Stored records
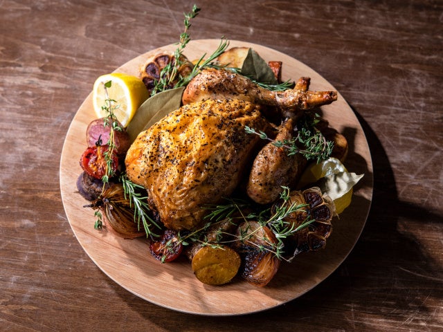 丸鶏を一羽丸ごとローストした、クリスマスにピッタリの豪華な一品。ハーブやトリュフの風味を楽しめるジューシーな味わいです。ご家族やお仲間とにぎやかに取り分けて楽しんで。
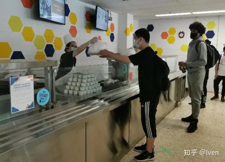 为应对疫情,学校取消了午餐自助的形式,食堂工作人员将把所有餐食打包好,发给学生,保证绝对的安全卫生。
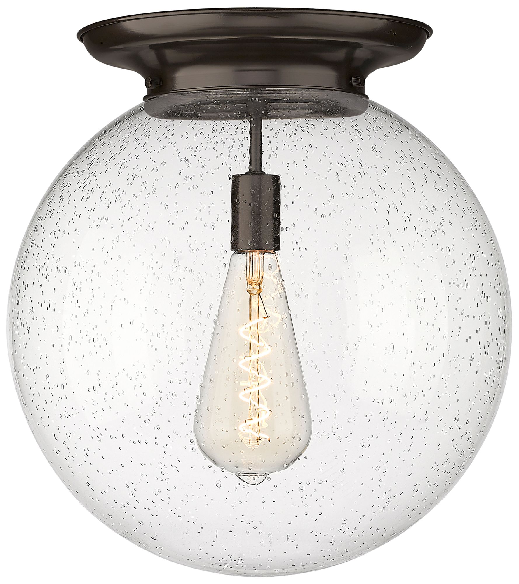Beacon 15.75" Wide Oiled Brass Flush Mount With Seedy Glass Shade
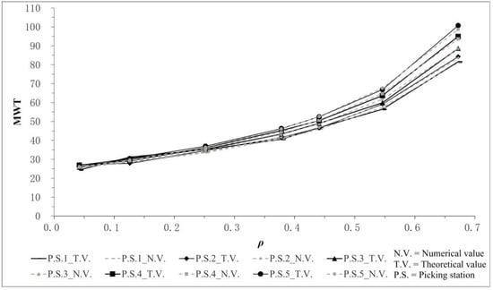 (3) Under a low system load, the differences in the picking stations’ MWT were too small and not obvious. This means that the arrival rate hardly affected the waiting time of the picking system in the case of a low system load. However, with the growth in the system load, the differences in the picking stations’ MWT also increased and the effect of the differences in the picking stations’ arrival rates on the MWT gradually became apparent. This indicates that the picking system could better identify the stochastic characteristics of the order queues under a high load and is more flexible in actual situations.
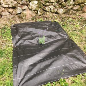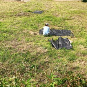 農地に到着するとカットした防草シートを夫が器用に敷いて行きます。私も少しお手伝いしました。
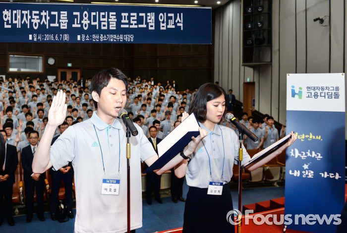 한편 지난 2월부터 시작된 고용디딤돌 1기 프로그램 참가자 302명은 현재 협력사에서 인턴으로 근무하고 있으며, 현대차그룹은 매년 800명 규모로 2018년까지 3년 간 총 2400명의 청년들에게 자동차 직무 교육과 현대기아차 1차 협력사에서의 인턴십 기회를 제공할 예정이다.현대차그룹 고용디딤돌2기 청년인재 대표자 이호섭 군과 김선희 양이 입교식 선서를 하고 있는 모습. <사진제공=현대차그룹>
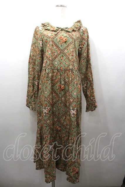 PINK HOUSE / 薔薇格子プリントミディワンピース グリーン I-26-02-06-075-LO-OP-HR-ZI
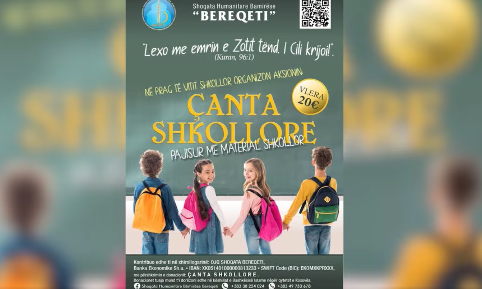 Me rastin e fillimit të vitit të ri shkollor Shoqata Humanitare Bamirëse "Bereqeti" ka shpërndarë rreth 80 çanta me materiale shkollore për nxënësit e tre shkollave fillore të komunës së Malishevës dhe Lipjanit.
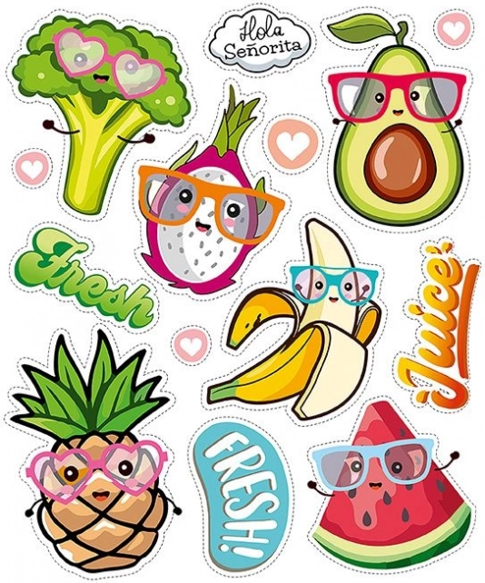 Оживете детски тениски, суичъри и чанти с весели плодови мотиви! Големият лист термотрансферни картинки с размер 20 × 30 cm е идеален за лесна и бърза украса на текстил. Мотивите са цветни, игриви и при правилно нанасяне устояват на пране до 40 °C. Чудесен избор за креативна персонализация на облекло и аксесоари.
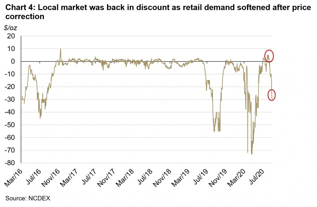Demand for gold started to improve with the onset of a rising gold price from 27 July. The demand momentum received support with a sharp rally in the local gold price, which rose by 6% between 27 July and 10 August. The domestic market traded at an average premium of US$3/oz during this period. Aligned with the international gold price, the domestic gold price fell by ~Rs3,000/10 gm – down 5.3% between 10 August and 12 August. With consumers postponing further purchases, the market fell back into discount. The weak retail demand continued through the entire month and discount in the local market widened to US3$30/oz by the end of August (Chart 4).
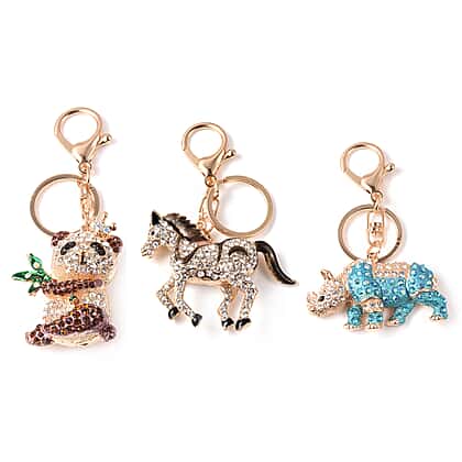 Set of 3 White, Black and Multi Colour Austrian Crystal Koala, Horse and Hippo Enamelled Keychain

Task
The required output is each line above restated verbatim, with all images omitted.

Reply
 丸鶏を一羽丸ごとローストした、クリスマスにピッタリの豪華な一品。ハーブやトリュフの風味を楽しめるジューシーな味わいです。ご家族やお仲間とにぎやかに取り分けて楽しんで。
 为应对疫情,学校取消了午餐自助的形式,食堂工作人员将把所有餐食打包好,发给学生,保证绝对的安全卫生。
Beacon 15.75" Wide Oiled Brass Flush Mount With Seedy Glass Shade
 (3) Under a low system load, the differences in the picking stations’ MWT were too small and not obvious. This means that the arrival rate hardly affected the waiting time of the picking system in the case of a low system load. However, with the growth in the system load, the differences in the picking stations’ MWT also increased and the effect of the differences in the picking stations’ arrival rates on the MWT gradually became apparent. This indicates that the picking system could better identify the stochastic characteristics of the order queues under a high load and is more flexible in actual situations.
 農地に到着するとカットした防草シートを夫が器用に敷いて行きます。私も少しお手伝いしました。
 한편 지난 2월부터 시작된 고용디딤돌 1기 프로그램 참가자 302명은 현재 협력사에서 인턴으로 근무하고 있으며, 현대차그룹은 매년 800명 규모로 2018년까지 3년 간 총 2400명의 청년들에게 자동차 직무 교육과 현대기아차 1차 협력사에서의 인턴십 기회를 제공할 예정이다.현대차그룹 고용디딤돌2기 청년인재 대표자 이호섭 군과 김선희 양이 입교식 선서를 하고 있는 모습. <사진제공=현대차그룹>
 PINK HOUSE / 薔薇格子プリントミディワンピース グリーン I-26-02-06-075-LO-OP-HR-ZI
 Me rastin e fillimit të vitit të ri shkollor Shoqata Humanitare Bamirëse "Bereqeti" ka shpërndarë rreth 80 çanta me materiale shkollore për nxënësit e tre shkollave fillore të komunës së Malishevës dhe Lipjanit.
 Оживете детски тениски, суичъри и чанти с весели плодови мотиви! Големият лист термотрансферни картинки с размер 20 × 30 cm е идеален за лесна и бърза украса на текстил. Мотивите са цветни, игриви и при правилно нанасяне устояват на пране до 40 °C. Чудесен избор за креативна персонализация на облекло и аксесоари.
Demand for gold started to improve with the onset of a rising gold price from 27 July. The demand momentum received support with a sharp rally in the local gold price, which rose by 6% between 27 July and 10 August. The domestic market traded at an average premium of US$3/oz during this period. Aligned with the international gold price, the domestic gold price fell by ~Rs3,000/10 gm – down 5.3% between 10 August and 12 August. With consumers postponing further purchases, the market fell back into discount. The weak retail demand continued through the entire month and discount in the local market widened to US3$30/oz by the end of August (Chart 4).
 Set of 3 White, Black and Multi Colour Austrian Crystal Koala, Horse and Hippo Enamelled Keychain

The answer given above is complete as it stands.